WHAT THIS TASK INVOLVES →
The reply should hold only the lines below beginning at the one with "1、如果是以游客模式登录的游" and ending at the one with "17日,今夏入伏后的第4天,上海最高氣溫", copied exactly, with every picture left out.

DATA SHOWN →
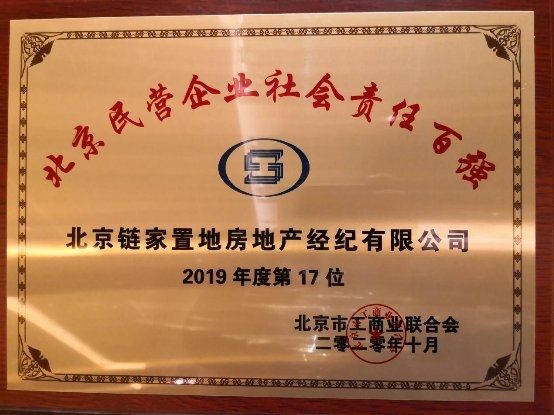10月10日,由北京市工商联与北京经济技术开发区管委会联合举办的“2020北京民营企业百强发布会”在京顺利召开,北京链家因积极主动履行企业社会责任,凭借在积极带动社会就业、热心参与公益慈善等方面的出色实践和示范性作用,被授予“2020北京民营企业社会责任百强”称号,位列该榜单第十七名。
==
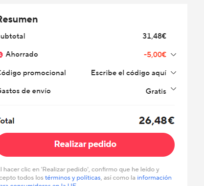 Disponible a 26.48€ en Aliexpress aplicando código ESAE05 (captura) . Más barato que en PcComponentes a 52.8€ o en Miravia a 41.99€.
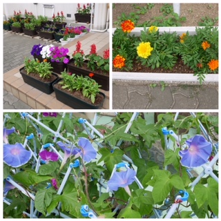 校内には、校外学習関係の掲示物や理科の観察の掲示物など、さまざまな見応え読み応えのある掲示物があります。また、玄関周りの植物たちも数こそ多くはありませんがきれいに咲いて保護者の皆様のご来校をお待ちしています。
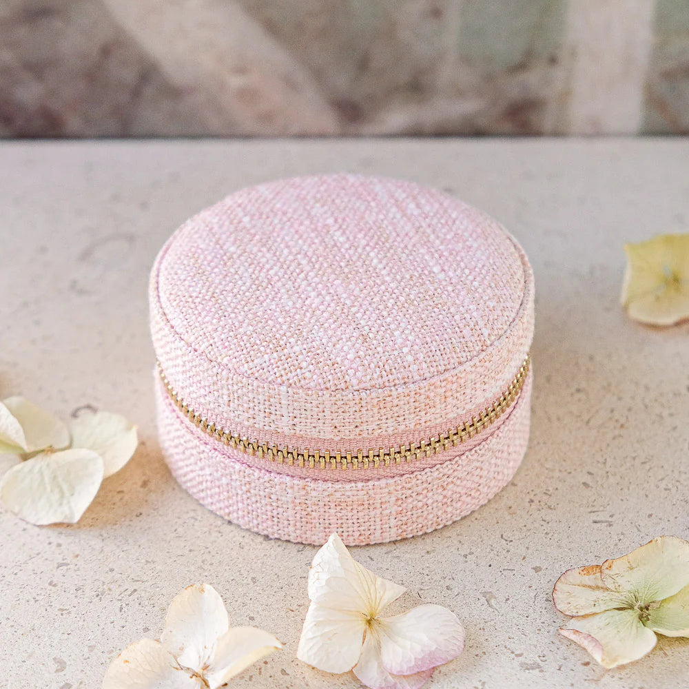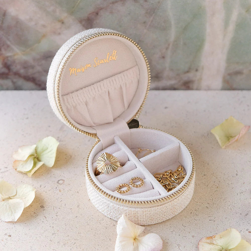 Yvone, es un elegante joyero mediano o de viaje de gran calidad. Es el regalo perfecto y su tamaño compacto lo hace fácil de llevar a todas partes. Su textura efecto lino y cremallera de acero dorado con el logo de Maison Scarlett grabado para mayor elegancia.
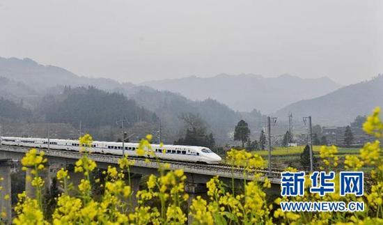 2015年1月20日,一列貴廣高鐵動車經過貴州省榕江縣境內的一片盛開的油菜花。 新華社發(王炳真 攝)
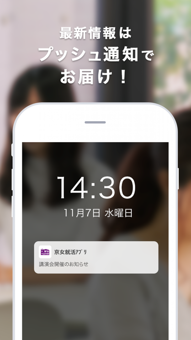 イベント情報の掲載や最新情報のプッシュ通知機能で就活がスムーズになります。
* * *
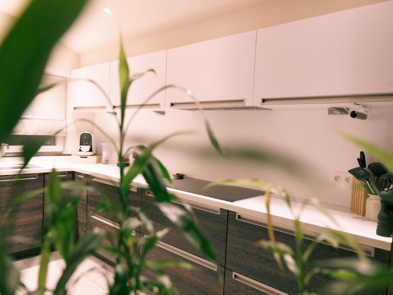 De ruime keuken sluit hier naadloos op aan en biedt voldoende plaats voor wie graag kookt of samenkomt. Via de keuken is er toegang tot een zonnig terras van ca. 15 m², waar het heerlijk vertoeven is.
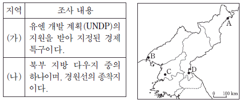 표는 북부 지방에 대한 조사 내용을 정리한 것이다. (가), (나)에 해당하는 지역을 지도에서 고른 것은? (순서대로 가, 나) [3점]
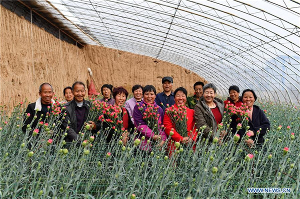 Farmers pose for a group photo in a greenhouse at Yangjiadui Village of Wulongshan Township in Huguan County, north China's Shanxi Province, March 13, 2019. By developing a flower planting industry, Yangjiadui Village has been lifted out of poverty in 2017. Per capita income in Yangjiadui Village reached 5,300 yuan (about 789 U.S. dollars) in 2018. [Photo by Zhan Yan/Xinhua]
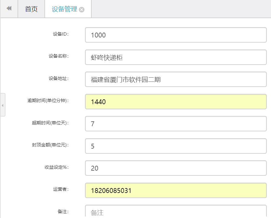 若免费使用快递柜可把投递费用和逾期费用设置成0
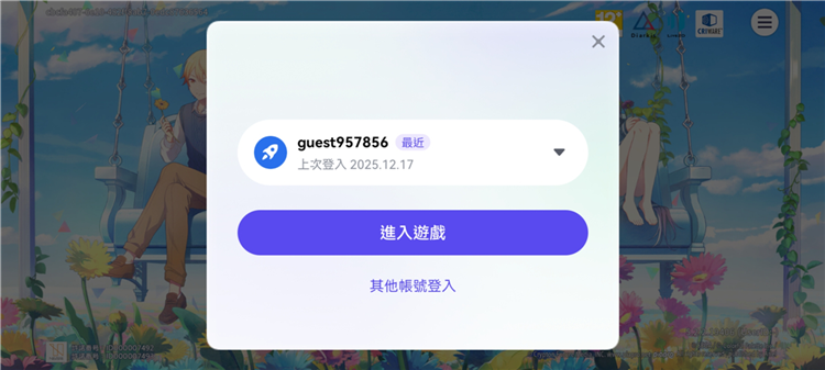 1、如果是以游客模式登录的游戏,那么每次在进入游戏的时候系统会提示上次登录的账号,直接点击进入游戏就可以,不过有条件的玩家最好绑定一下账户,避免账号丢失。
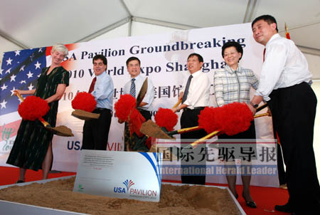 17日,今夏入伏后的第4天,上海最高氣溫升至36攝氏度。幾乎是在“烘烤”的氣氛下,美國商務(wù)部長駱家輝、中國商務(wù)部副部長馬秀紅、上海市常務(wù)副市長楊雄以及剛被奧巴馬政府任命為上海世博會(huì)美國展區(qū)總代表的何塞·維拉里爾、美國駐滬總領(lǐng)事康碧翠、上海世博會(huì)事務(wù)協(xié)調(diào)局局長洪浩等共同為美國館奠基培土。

FINISHED EXERCISE →
 1、如果是以游客模式登录的游戏,那么每次在进入游戏的时候系统会提示上次登录的账号,直接点击进入游戏就可以,不过有条件的玩家最好绑定一下账户,避免账号丢失。
 17日,今夏入伏后的第4天,上海最高氣溫升至36攝氏度。幾乎是在“烘烤”的氣氛下,美國商務(wù)部長駱家輝、中國商務(wù)部副部長馬秀紅、上海市常務(wù)副市長楊雄以及剛被奧巴馬政府任命為上海世博會(huì)美國展區(qū)總代表的何塞·維拉里爾、美國駐滬總領(lǐng)事康碧翠、上海世博會(huì)事務(wù)協(xié)調(diào)局局長洪浩等共同為美國館奠基培土。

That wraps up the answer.